Abstract:
To enhance the forecasting capability of the China Meteorological Administration Mesoscale (CMA-MESO) model in high-resolution domains and complex terrain, a vertical layering scheme (xu scheme) was developed. The scheme is designed for height-based terrain-following coordinates using continuous functions. It allows flexible adjustment of vertical layering and model top height and introduces a parameter
b to control the bottom-layer thickness. The scheme is numerically stable and maintains continuous and smooth layer thickness, with denser layers near the surface. The xu_71 scheme (implemented 71 layers using xu scheme) was implemented in CMA-MESO V6.0 and showed characteristics similar to those of the meso_71 scheme (operational 71 layers scheme), but with better vertical profile continuity. Its performance was evaluated through batch forecast comparisons using key metrics, including the root-mean-square error on isobaric surfaces, 2-m temperature forecasts, and threat scores for accumulated precipitation. Results indicated that the xu_71 scheme slightly outperformed the meso_71 scheme across these key metrics. Additionally, the influence of
b on 2-m temperature forecasts was analyzed using surface-layer parameterization, revealing that uncertainties inherent in stable similarity functions can increase diagnostic errors in 2-m temperature forecasts, especially when combined with thicker lowest model layer height (controlled by
b) and complex terrains.
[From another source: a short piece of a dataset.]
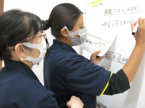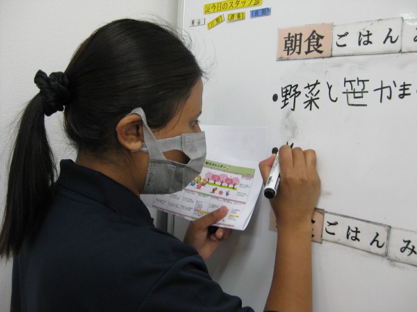 廊下を歩いて筋力維持されたりと転倒予防をしています! ある日のご様子、新聞をご覧になられているところです。 職員が献立を記入されているところです。 漢字を教えています! 日々書いていると綺麗に書けるようになりました。上手になりましたねとお伝えすると「ありがとうございます。」とにっこりされ嬉しそうでした( ^ω^)・・・

Numerical analyses of dense layering during heavy rainfall forecasts showed that the xu_91 scheme (91 layers) performed better than coarser configurations. Specifically, the xu_91 scheme’s forecasts were closer to the actual observations for accumulated-precipitation areas exceeding 100 mm. Compared with the xu_51 scheme (51 layers), xu_91 predicted deeper updraft zones, more distinct vertical circulations, better vertical hydrometeors coordination, higher boundary layer heights, and stronger sensible heat fluxes. Overall, the designed vertical layering scheme is effective, easy to apply, and has the potential for enhanced application in physical parameterization studies.